Moritz Thomsen (friend of Page Stegner,who died in 2018 early, at 80)

Thomsen was born in 1915 into a wealthy American family in Seattle. His namesake was after his grandfather a powerful Washington businessman. Charlie, his father was President of Centennial Mills (Krusteaz Brand) and a multi-millionaire at the turn of the 20th century. As detailed in his memoirs, his relationship with his father was extremely strained, with Thomsen describing the man as “tyrannical.”
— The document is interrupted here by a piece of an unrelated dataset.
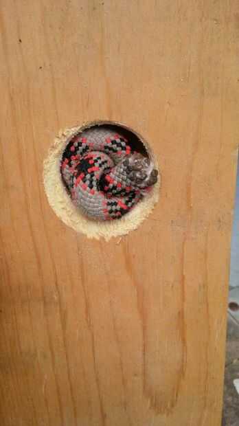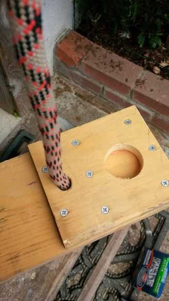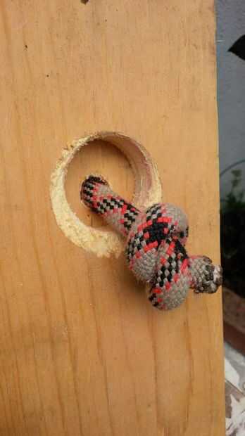 Ató un nudo en la cuerda y tiró de él firmemente en el hueco hecho por el agujero vio, para que la madera se sentaba sobre el piso.

During World War II, Thomsen served as a B-17 Flying Fortress bombardier in the Eighth Air Force At age 44 he was working as a farmer in California when he decided to join the Peace Corps. In 1964, at 48 years old, Thomsen came to Ecuador as one of the first volunteers of the Peace Corps . Upon arrival, and after many wanderings, he was assigned on condition of agricultural expert to the small fishing town of Green River, north of the province of Esmeraldas . Thomsen lived for four years in that village, and a total of 35 years in Ecuador. After serving as a volunteer for four years, he remained in Ecuador. He died in 1991 of cholera.

Writings

During his time in Ecuador, Thomsen wrote and published four books of memories and impressions, most of them on Ecuador and experience with poverty.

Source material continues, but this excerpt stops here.